La sonrisa del demonio se ensanchó, y sus ojos amarillos relucieron mientras arrugaba el entrecejo, saboreando la pelea de antemano.

—Acepto el reto. ,

Y, casi sin transición, batió las alas con fuerza y se arrojó sobre Ubanaziel. El ángel hizo un quiebro en el aire para esquivarlo y contraatacó a su vez. La espada del demonio detuvo su acero, y Ubanaziel se vio obligado a eludir la larga cola que Furlaag había lanzado contra él, como un poderoso látigo.

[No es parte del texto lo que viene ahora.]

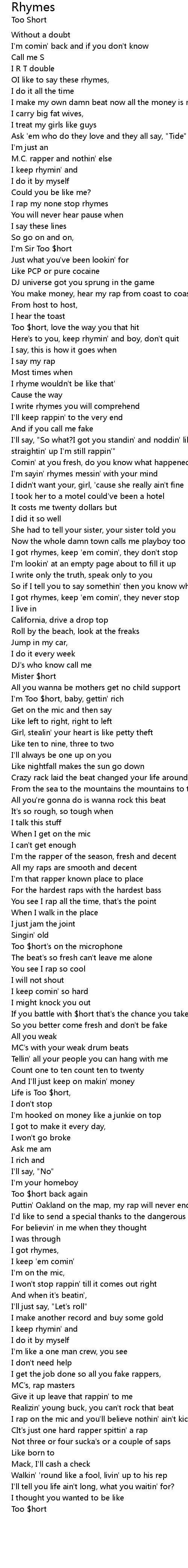 Too $hort |

El apéndice cortó el aire con un silbido, restallando muy cerca del oído del ángel, que retrocedió un poco más, tratando de recordar su experiencia en la guerra contra los demonios. La mayoría de ellos luchaban con armas (preferiblemente hachas, mazas, espadones y pesados martillos de guerra), pese a que su propia anatomía ya les confería eficaces instrumentos de batalla. Casi todos los demonios contaban con enormes cuernos, mortíferas garras y afilados colmillos, además de colas flexibles y fuertes que manejaban a la perfección. Pero en las peleas en el aire no podían emplear todas aquellas armas al mismo tiempo, puesto que tenían que coordinarlas con las alas que debían evitar que cayeran al suelo. Por esta razón, los ángeles solían ser más ágiles y rápidos en el aire que los demonios. Furlaag, por una cuestión de orgullo, batallaría en el cielo, pero, si las cosas se ponían feas, no dudaría en descender a tierra, donde contaría con una clara ventaja. Ubanaziel deseó poder derrotarlo antes de que eso sucediera.